PROBLEM DETAILS> Please return each entry that follows exactly as given, but without pictures.

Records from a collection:
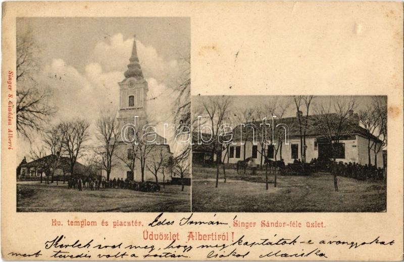 Leírás: 1901 Alberti (Albertirsa), Evangélikus templom, Piac tér, Singer Sándor féle üzlet és saját kiadása (fl)
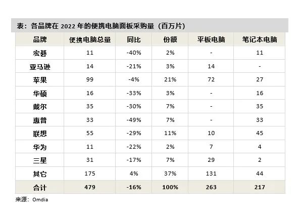 根据 Omdia《平板和笔记本电脑显示面板和 OEM 市场追踪报告》的最新研究显示,便携电脑面板(包括笔记本电脑和平板电脑)在 2022 年的总出货量达到了 4.79 亿片。这不仅是自 2020 年以来首次年出货量低于 5 亿片,还是自 2019 年来首次同比下滑 16%
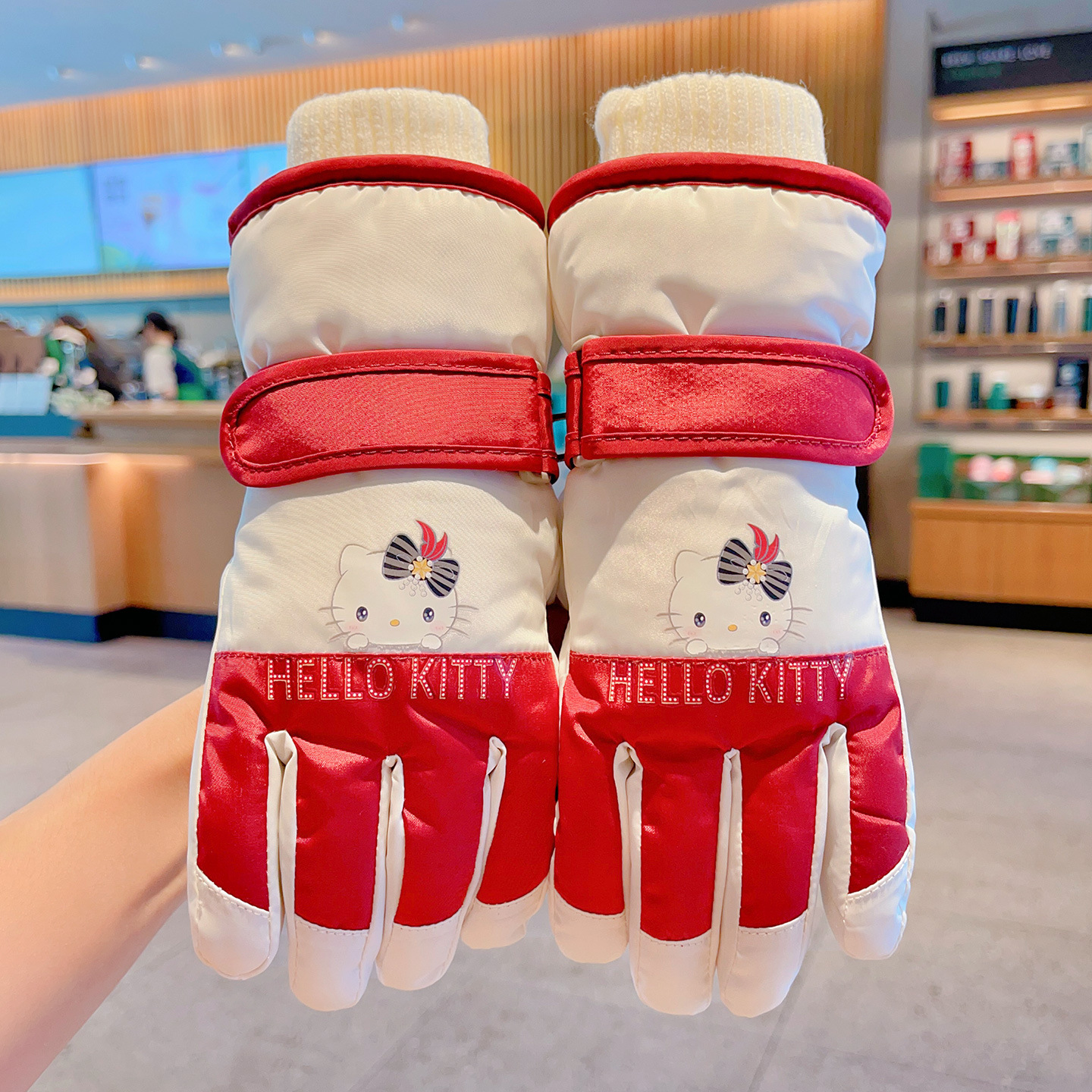 정품 딸기 곰 어린이 스키 장갑 소녀 따뜻한 기모 승마 소녀 방수 부동액 스노우 장갑스토어 가기
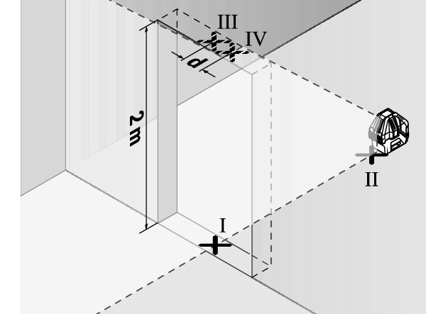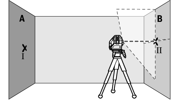 - Align the height of the measuring tool (using the tripod or by placing objects underneath as required) so that the point where the laser lines cross exactly hits the previously marked point Ⅱ on wall B.
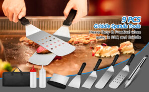 Griddle Accessories Kit Spatula for Blackstone: 9Pcs Flat Top Grill Accessories Set for Camp Chef – Professional Grill Spatula Tools for Men Women Outdoor BBQ Teppanyaki Camping

RESPONSE AREA>
 Leírás: 1901 Alberti (Albertirsa), Evangélikus templom, Piac tér, Singer Sándor féle üzlet és saját kiadása (fl)
 根据 Omdia《平板和笔记本电脑显示面板和 OEM 市场追踪报告》的最新研究显示,便携电脑面板(包括笔记本电脑和平板电脑)在 2022 年的总出货量达到了 4.79 亿片。这不仅是自 2020 年以来首次年出货量低于 5 亿片,还是自 2019 年来首次同比下滑 16%
 정품 딸기 곰 어린이 스키 장갑 소녀 따뜻한 기모 승마 소녀 방수 부동액 스노우 장갑스토어 가기
 - Align the height of the measuring tool (using the tripod or by placing objects underneath as required) so that the point where the laser lines cross exactly hits the previously marked point Ⅱ on wall B.
 Griddle Accessories Kit Spatula for Blackstone: 9Pcs Flat Top Grill Accessories Set for Camp Chef – Professional Grill Spatula Tools for Men Women Outdoor BBQ Teppanyaki Camping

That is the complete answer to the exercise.